Your Financial History:

To be approved by a mortgage lender, you’ll need to provide proof of employment, income, and liquid assets. It’s no surprise that this is first on the homebuyer checklist since it’s a big part of the home buying process.

A Loan Officer will typically look for at least two years of steady employment per standard underwriting guidelines. On top of that, you’ll need a Debt-To-Income ratio, or DTI, of 50% or less (you should really shoot for 45% or less). Calculate yours by taking your total monthly debt (don’t forget to include your expected house payment) divided by total monthly income.

Finally, most lenders look for a credit score of 620 or higher. To get the best terms, a score of 740 or higher is ideal. Your credit score is how lenders gauge their level of risk when lending to you. 

Liquid Assets:

This is what most people think of when they’re considering buying a home – down payments and closing costs. Depending on your loan type, plan to save at least 3% to 5% for a down payment – plus closing cost funds.

Of course, the more you put down, the smaller the loan and, ideally, the less interest you end up paying in the long term. For closing costs, plan to pay anywhere from 3% to 6% of the home’s purchase price. Part or in some cases all of these fees can be paid for by the seller (depends on what you negotiate. 

Mortgage:

A mortgage is a loan that is secured by the home you own. Later in the article, I discuss what it means to get “pre-approved” and why that’s important.

Homebuyer Checklist

What Research Should I Do When Buying A Home? 

One of the best things you can do when buying a home is research. It’s a key step on our homebuyer checklist.

Here is what you need to research: 

The Mortgage Loan:

Research and budget out how much of a loan you can really afford in order to determine how much you should spend on your future home (ask a Loan Officer to help if needed). Look at your DTI ratio and factor in a mortgage payment, homeowners insurance, and property tax. Compare these expenses to your household budget to determine what you can afford to spend. You can always use online loan and affordability calculators to help you get a clear picture. 

Property Location:

Study the locations you’re interested in – check out what homes are for sale and what price they’re listed at, then look at what the houses around them sold for. Look at property value trends – is the area you’re looking into up and coming? You’ll also want to consider local school districts, entertainment, and property taxes in the area. 

Market Conditions:

Spend time researching the current market to determine if it’s a good time to buy. Economic health and mortgage rates should play a part in your decision to buy, though there are obviously personal factors that will also play a part in your decision. 

Home Features:

Before you begin looking, put together a list of must-haves and it-would-be-nice-to-haves. Consider square footage, bedrooms, bathrooms, bonus rooms, yard space, home condition, and access to public transportation. 

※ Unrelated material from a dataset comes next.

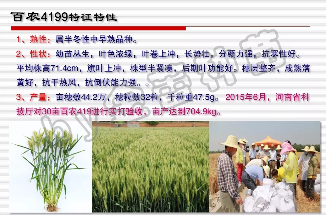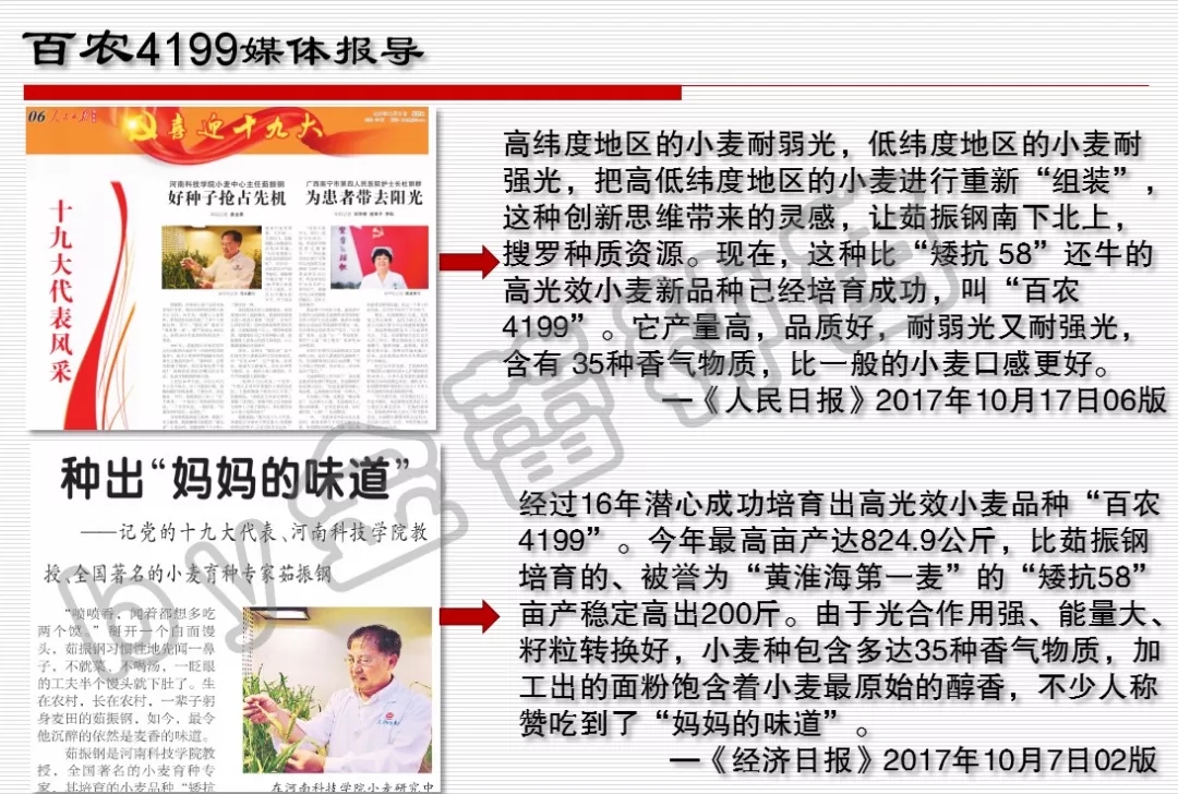 隨后,茹振鋼教授帶領團隊用高光效親本通過與百農AK58雜交,先后研究解決麥穗、麥稈、根系等難題,克服了掉穗、營養供給不足等問題,成功培育出高光效小麥品種金蕾百農4199。

Homebuyer Checklist – What Is “Pre-Approved”?

Most real Realtors recommend that you get pre-approved for a loan before the house hunting starts. A lender will provide you with a letter that states how much you’ve been pre-approved for, which you can then show to your realtor.

The approval is based on your credit, income, and assets.

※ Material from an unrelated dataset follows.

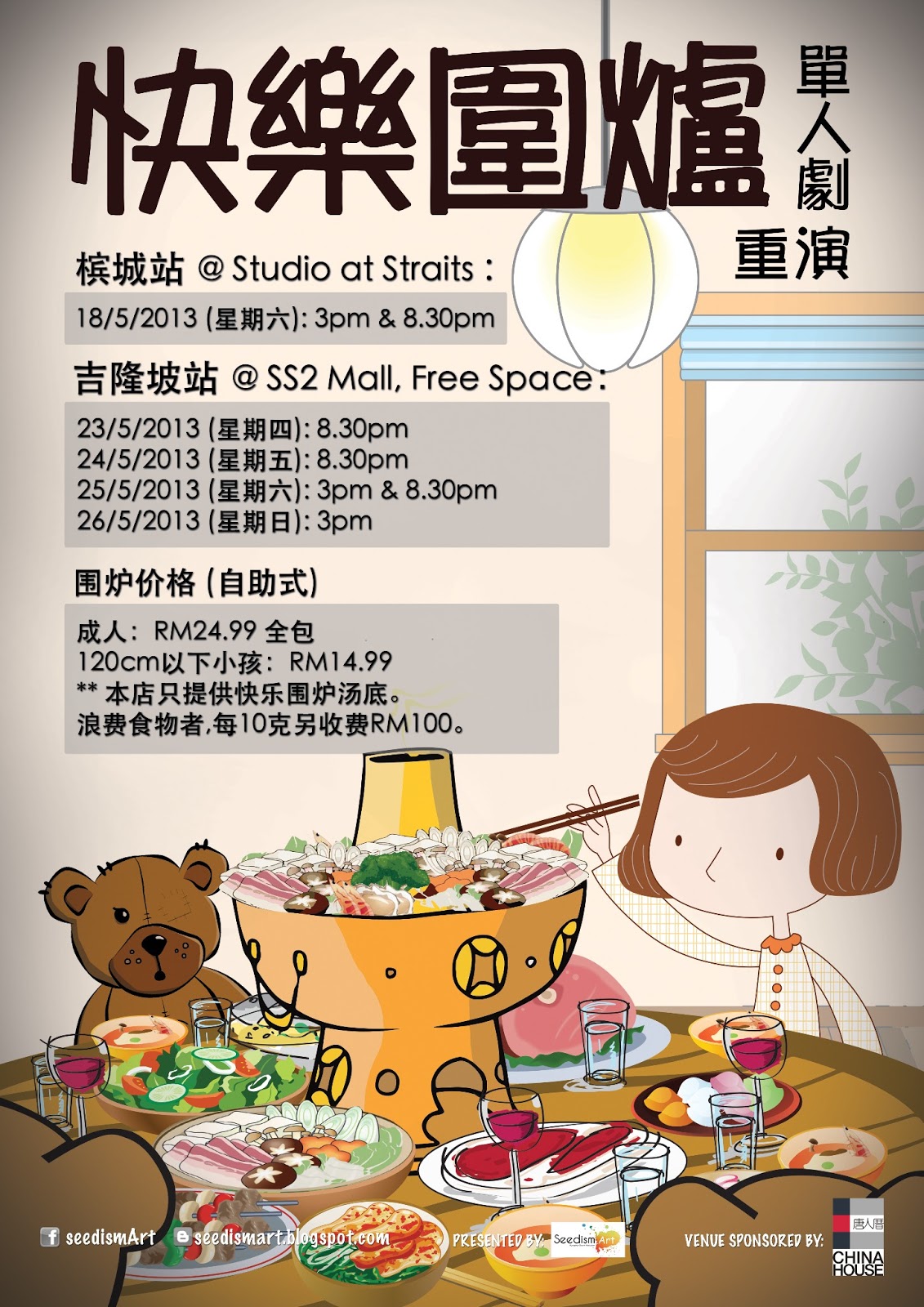 围炉是一个大马华裔不管晴天或雨天都爱的一种饮食文化,《快乐围炉》更是一部讲述马来西亚华裔家庭文化的一部单人剧。故事经由朱太太这位妈妈来带领我们一边围炉一边讲是非,从幼稚园到社区生活、百货公司到济公,所有好笑、好玩的都在这一锅。同时,围炉也寓意着团聚之意,一家人团聚,开开心心地,也就是母亲节送给母亲大人一份最好的礼物。这一个母亲节种子主艺把这一份最好的礼物献给我们的祖国-马来西亚,也献给天下所有我们所敬爱的母亲。想知道朱太太煮的是怎样的一锅东西呢?我们等你一起来开炉密探哦!!

To get pre-approved, you’ll need to apply with a lender – you can often do this online, just be prepared with your financial documents like your W-2s and account statements. Having the pre-approval will help you and your Realtor stay within your budget. 

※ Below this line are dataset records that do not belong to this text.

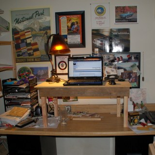 I’ve been reading a lot about ‘standing desks’ – desks that are tall enough to stand at and work. It sounds like a good idea. I spend entirely too much time at my computer, lulled into a trance, following link after link, reading articles I’ll never remember. I could use to be a little less comfortable at the computer! Plus if you’re standing you’re making your muscles work to hold yourself up, instead of slouching into a lump, chin on hand, semi-comatose (I’m just describing myself – not necessarily anyone else!)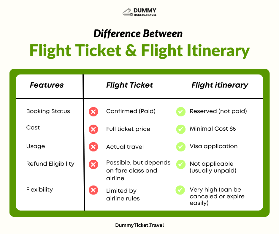 It’s easy to confuse a flight itinerary with a flight ticket, but embassies and consulates distinguish between the two. Here’s a comparison to clarify: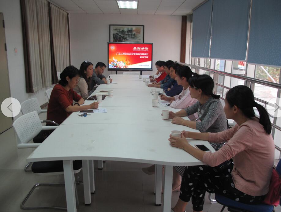 10月31日下午,广东工程职业技术学院图书馆馆长王海英一行7人来到我校天河校区图书馆进行参观调研。学院图书馆王玉鸿馆长及相关老师在图书馆四楼多媒体学习室对来访客人进行了热情接待。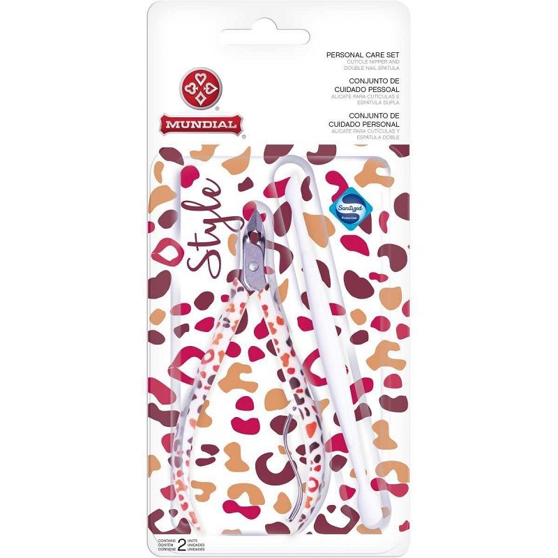 Alicate de Cutícula Mundial Estampado + Espátula Ref.758

Finding A Realtor You Can Trust 

Speaking of Realtors, you’ll need a Realtor to help you find that dream home.

A Realtor can help you search for homes in your price range, book showings, and help you negotiate. They can provide expertise on the local market and guide you through the entire process.

What’s the difference between a Real Estate Agent and a Realtor? Here is the definition of both from Realtor.com;

Real Estate Agent: A real estate agent is someone who has a professional license to help people buy, sell, or rent all sorts of housing and real estate.

To get that license, states require individuals to have prelicensing training. The required number of training hours can vary significantly by jurisdiction. In Virginia, for example, real estate agents must take 60 hours of prelicensing training, while in California they need 135 hours of license coursework.

Realtor: In order to become a Realtor—a licensed agent with the ability to use that widely respected title—an agent needs to be a member of the National Association of Realtors®.

As a member, a person subscribes to the standards of the association and its code of ethics.

“Essentially, the NAR holds us to a higher standard,” says Peggy Yee, a Realtor in Falls Church, VA. Membership in the NAR also comes with access to real estate market data and transaction management services, among other benefits.

source: realtor.com

How Do Realtors Get Paid?

Realtors usually work with buyers for free (in the sense they don’t require an upfront fee) and earn a commission from the sellers. To find a Realtor to work with, start by asking family, friends, and even coworkers. Be sure to look for the first-hand experience, as having a knowledgeable agent can make or break your home buying experience.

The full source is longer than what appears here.